You are viewing a plain text version of this content. The canonical link for it is here.
Posted to common-dev@hadoop.apache.org by Devaraj Das <dd...@yahoo-inc.com> on 2006/11/15 06:00:53 UTC
Sort algorithms + interface

Here is a summary of some discussions on Sort algorithms (the implementation
work will be a part of Hadoop-331).

 

I did some benchmarking of the sort algorithms w.r.t our needs. Attached is
a table containing the results. I have benchmarked Hadoop's MergeSort,
QuickSort (a rather primitive one, without many optimizations, from
http://svn.apache.org/repos/asf/jakarta/turbine/core/trunk/src/java/org/apac
he/turbine/util/QuickSort.java

and java.util.Arrays.sort. I have also attached the source code for the
benchmark programs. The key/value pairs are IntWritables. The input to any
sort is an array of offsets to the beginning of key/value pairs in a buffer
(containing 'n' key/value pairs). The output of any sort is a sorted array
of offsets such that key_at_buffer[output[i]] < key_at_buffer[output[i+1]].

 

By the way, the java.util.Arrays.sort(Object[]) also uses MergeSort (note -
not QuickSort) & the only difference with Hadoop's MergeSort is that it uses
an array of OBJECTs as opposed to an array of INTs. It seems like the
overhead is higher in Java's Arrays.sort case both in terms of memory
footprint and the time it takes. Of

course, the input is the worst case input - 4 byte keys, and in reality we
will probably have bigger keys and thereby end up filling the
fixed-size-in-memory-map-buffer with much lesser number of keys.

 

In the attached table,

 

Time: in milliseconds, Memory: in bytes

 

Input: Same input for each run of a sort algo. For e.g., in the table below,
for 1000 records, the input that produced the1st result for MergeSort
(Time:26, Memory: 229008) also produced the 1st results for QuickSort (Time:
33 Memory: 229008) and Arrays.sort (Time: 27 Memory: 243016). Ran each algo
with 5 sample inputs for each category of #records. The records are
IntWritable key/value pairs.

 

 

Also, attached is an interface called SorterBase (will be a package private
interface). The way I see things is that we (hadoop developers) would have
an implementation of the interface, let's say, according to the design spec
on Hadoop-331 (in that the sort data structures are all arrays of ints).
Let's call the implementation SorterBaseImpl1. This would have the
implementation of all the methods of the interface except "sort" (which will
be an empty method). Classes MergeSort, QuickSort and HybridSort would
extend SorterBaseImpl1 and implement the sort() method.

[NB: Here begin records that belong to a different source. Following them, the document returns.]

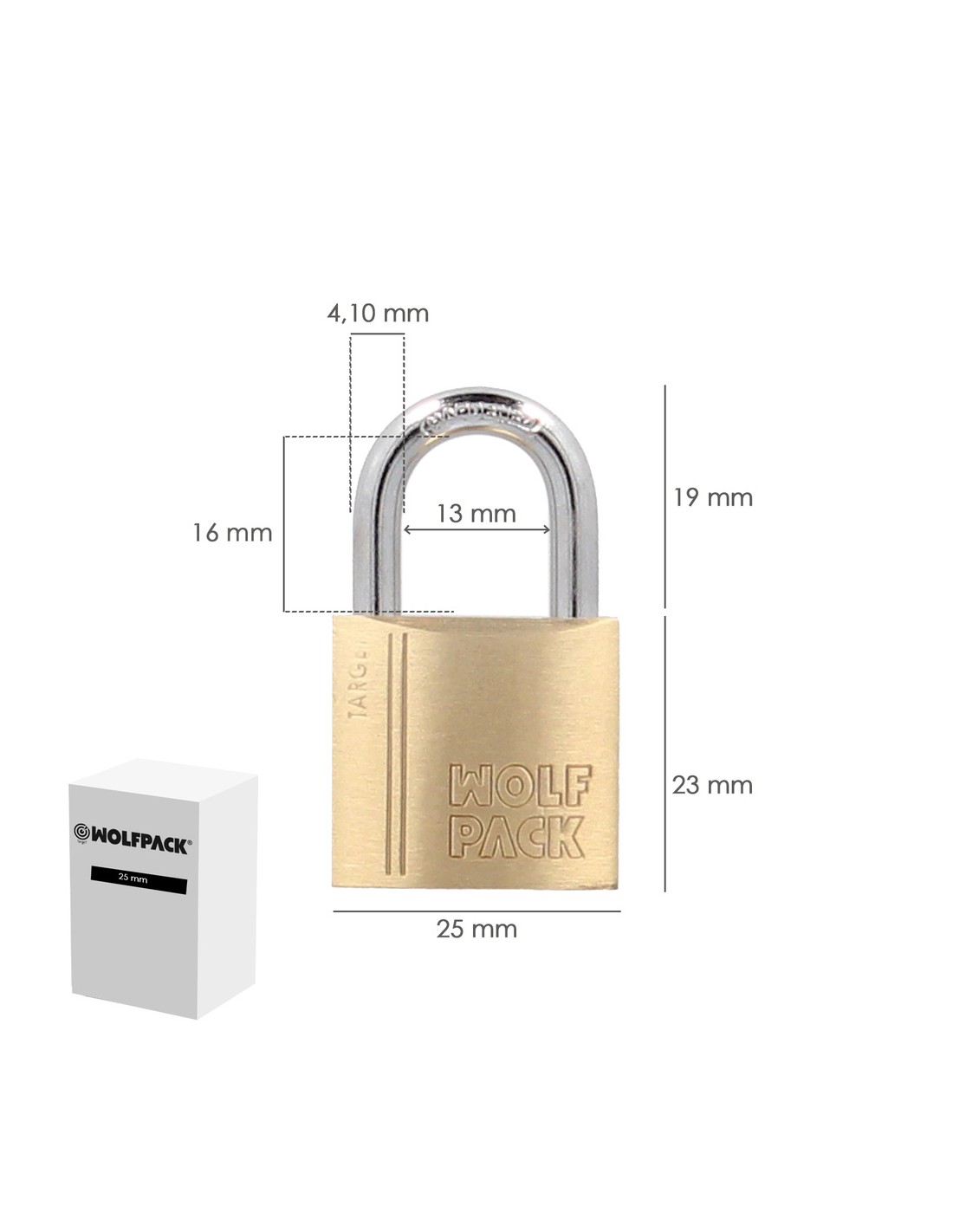 Candado Laton Arco Normal 25 mm. Serie Target. Arco Endurecido. Candado Maletas, Candado Taquillas, Candado Puertas
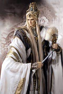 masterpiece,best quality,pili\(muou\), puppet show, 1boy, 1girl, armor, beard, blonde hair, brooch, brown background, brown eyes, chinese clothes, circlet, closed eyes, closed mouth, crown, expressionless, facial hair, fantasy, feathers, gem, hair ornament, hand fan, hat, headdress, holding, jewelry, lips, long hair, long sleeves, looking at viewer, male focus, manly, necklace, old, realistic, robe, serious, sidelocks, skull, sleeves past wrists, solo, staff, sword, tassel, tiara, upper body, weapon, white hair, wide sleeves,<lora:pilimuouxi-000016:0.65>,
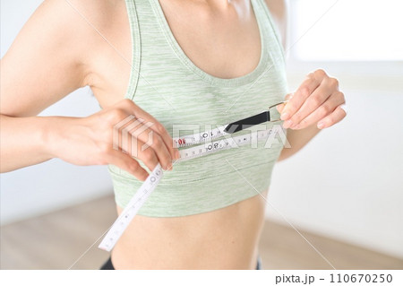 Woman measuring her under breasts.
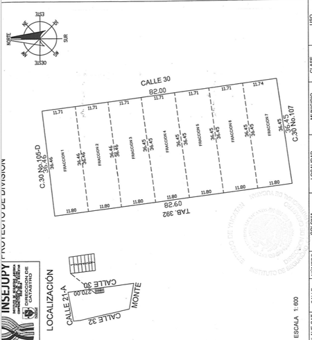 El lote mide 428 m2 (11.71 metros de frente por 35 m de fondo), cuenta con una demasía de 90 metros. O sea se entrega la posesión de 520 m2 aproximadamente.
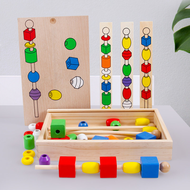 Early teaching children string of beads box baby puzzle wearing beads toy wooden male girl's fine action training
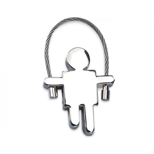 Llavero metálico, figura de niño, con cadena trenzada y perilla enroscable.
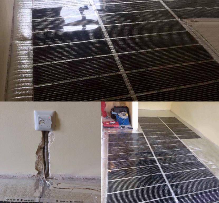 монтируется стержневой карбоновый пол на тонкий слой стяжки, такая электрическая

All these algorithms
would access the base class's datastructures and since these algorithms work
with very similar datastructures they can extend from one base class
-SorterBaseImpl1.

 

If we want to have Java based sorting (like java.util.Arrays.sort()), then

we need to implement the interface in such a way that all the datastructures

are created that way (like array of offset "objects" as opposed to int

arrays, etc.).

 

If we want to integrate a C sort, then we need to implement the interface as
such

(maybe it will be possible to reuse existing implementations like

SorterBaseImpl1; implement just the sort method differently, and have JNI

wrappers to get access to the Java datastructures within SorterBaseImpl1).
An interesting suggestion here is looking at how the C sort algorithms can
be used as it is in conjunction with streaming. 

 

Generally speaking, the expectation from any algorithm is that it can sort

an array of indirect pointers to a buffer. If an algorithm can do that, it

should be fairly easy to accommodate the algorithm in this framework.

 

Hadoop can have a configurable item called "map.sort.class" which is one of

MergeSort.class, QuickSort.class, etc. and it instantiates that class and

works with that (via methods defined in the interface).

 

The other sort algorithms that can be looked at are STL's sort,
http://www.sgi.com/tech/stl/sort.html

and optimized QuickSort (Hadoop-287).

 

Thanks to Eric, Doug, Sam, and Ben for the inputs.